Фридхельм бросил на меня быстрый взгляд.
— С каких пор тебя беспокоит личная жизнь Шнайдера? — спросил он, когда мы вернулись в комнату.
— Вообще не беспокоит, — я немного зависла от неожиданности. — Просто этот павлин сам делает её общественным достоянием.
Фридхельм скептически усмехнулся.
— Ты что, ревнуешь? — недоверчиво прищурилась я.
— Это глупо, ты же знаешь, мы терпеть друг друга не можем.
— Я знаю, — он примирительно коснулся моей руки. — Хотя тут можно проспорить. Только слепой не заметит, что он к тебе неровно дышит.
— Да пусть дышит как хочет, мне-то что?
— Вот и я о том же. Пусть пробует закадрить эту Катарину.
Это толстый такой намёк, что я ревную этого озабоченного козла? Ничего подобного! Просто… просто я уверена, что там ничего не выгорит, и говорю как есть. И вообще пусть делает что хочет. У меня вон муж есть.
Мы тихо-мирно готовились ко сну, когда услышали приглушённый женский визг. Представить, что это визжит наша крутая снайперша было как-то сложновато, и я решила, что кто-то из солдат осмелился приволочь позабавиться местную девчонку.
— Вот же скоты, — пробормотала я, набрасывая халат.
— Вместе пойдём, — Фридхельм тоже встал и торопливо натянул штаны.
В коридоре уже было столпотворение. Парни, определив источник шума, ломанулись к комнате Катарины. Что там могло случиться? Попытались изнасиловать? Ага, её изнасилуешь. Такая и член отстрелить может. К ней пробрался русский партизан?

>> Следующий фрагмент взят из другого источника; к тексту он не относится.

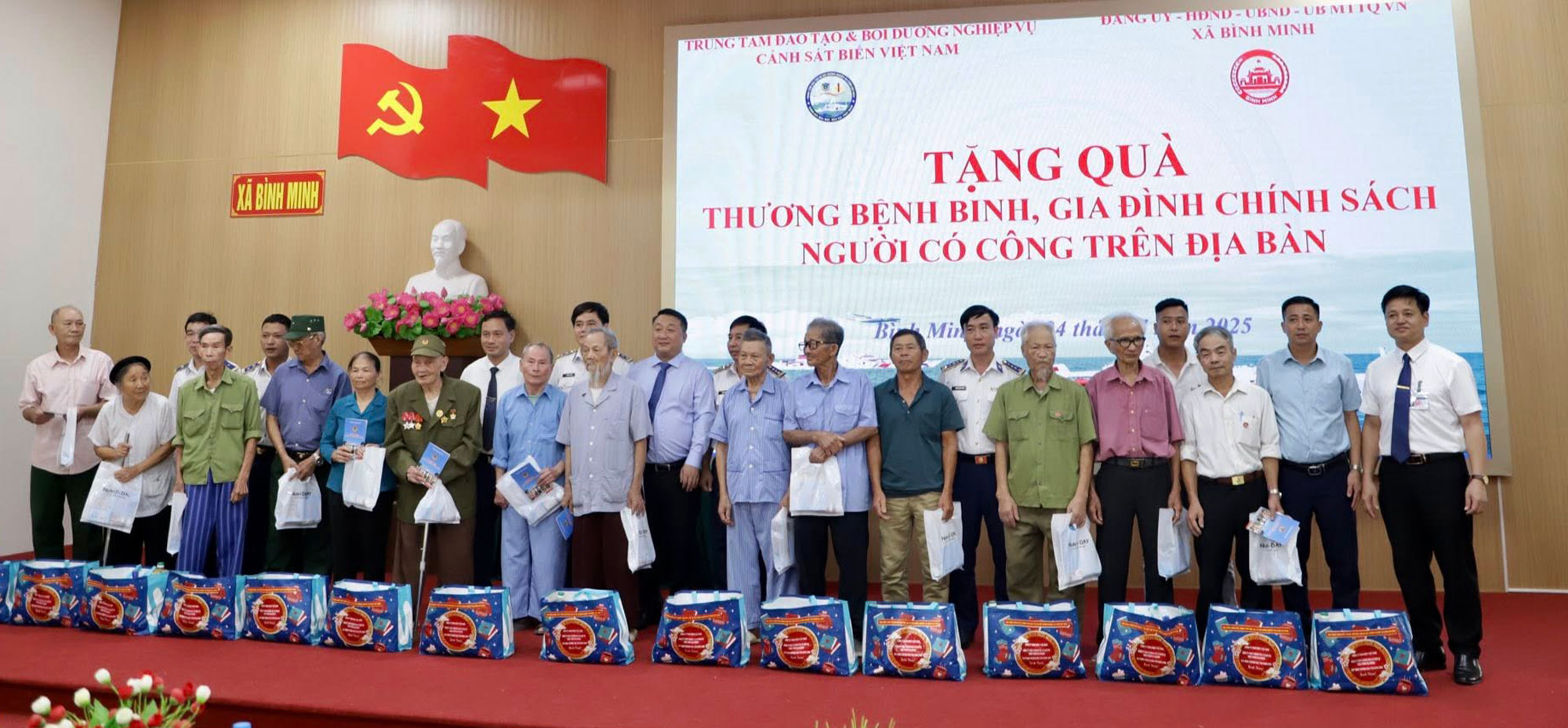 Trung tâm Đào tạo và Bồi dưỡng nghiệp vụ Cảnh sát biển trao quà cho các gia đình chính sách, người có công, hộ nghèo và học sinh vượt khó học giỏi trên địa bàn xã Bình Minh.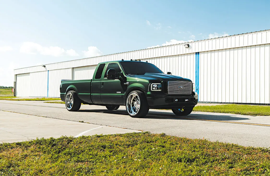 Once the Ford was mechanically sound, David could then start on the cosmetic issues. The first modification was lowering the front end down 4 inches and 1.5 inches at the rear. Next, a set of 24×12 Specialty Forged wheels, a 2005 front end, and color-matched exterior trim were applied, and the entire truck was resprayed with factory Highland Green Metallic paint for good measure. The interior space was then upgraded with a brand-new set King Ranch seats from Richmond Upholstery, an F-650 lower dash panel capable of running auxiliary gauges, a US Speedo stainless cluster and various billet pieces, along with a painted dash and trim pieces for a cohesive overhaul throughout the cab.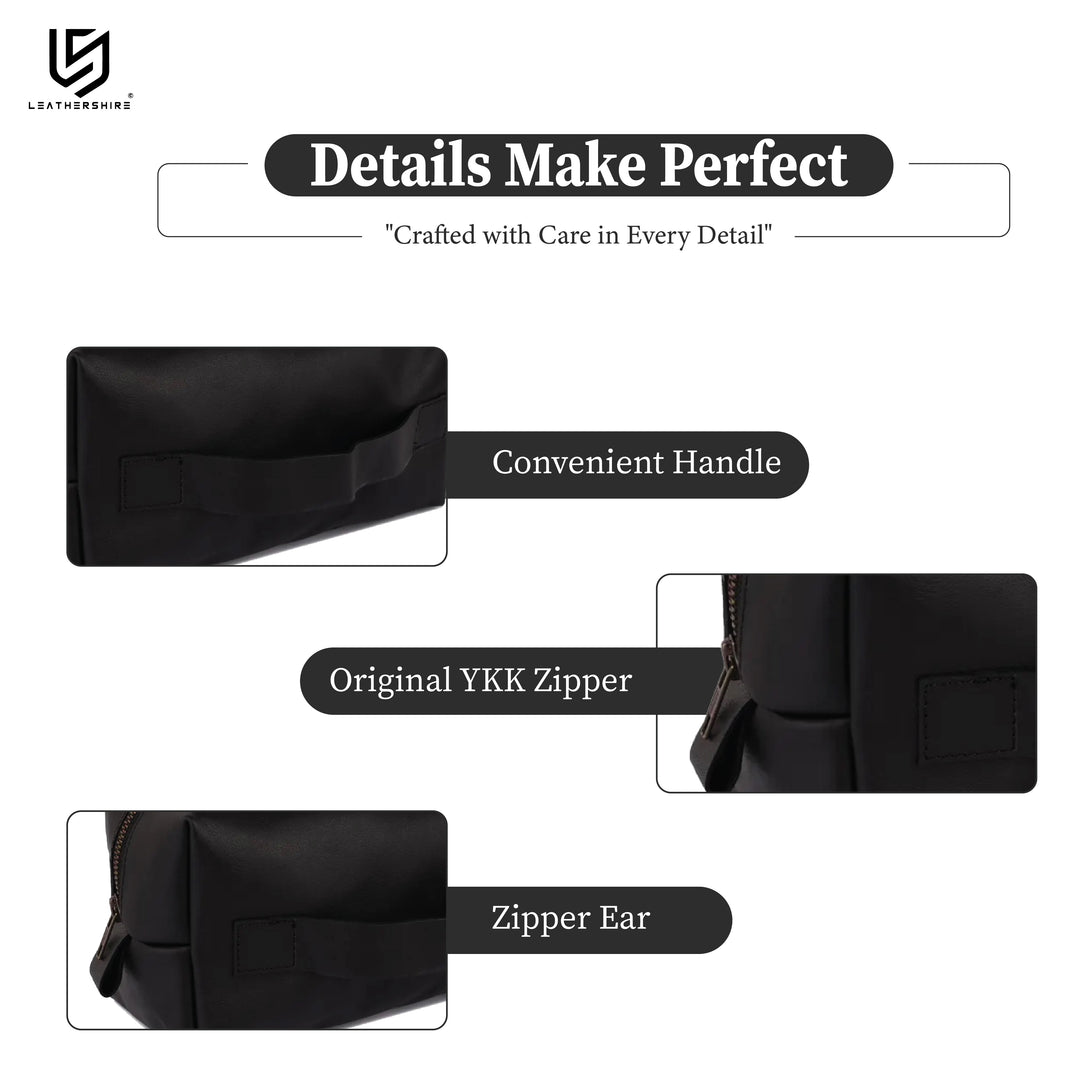 • Compartments: Helps organize razors, creams, and other grooming essentials.

— Т-там… — фрау обнаружилась в собственной кровати.
Вцепившись в одеяло побелевшими пальцами, она с отвращением кивнула куда-то в сторону. Парни недоумевающе переглядывались, я же, досмотрешись, едва сдержалась от смеха. Причиной ужаса доблестной воительницы стал обыкновенный крысёнок. Ну ладно, скажем так, полноразмерная крыса. Приятного, конечно, мало, но сейчас почти зима. Естественно, эти твари лезут в тепло. Пока все стояли и тупили, Шнайдер ловко швырнул полено, прибив нарушителя.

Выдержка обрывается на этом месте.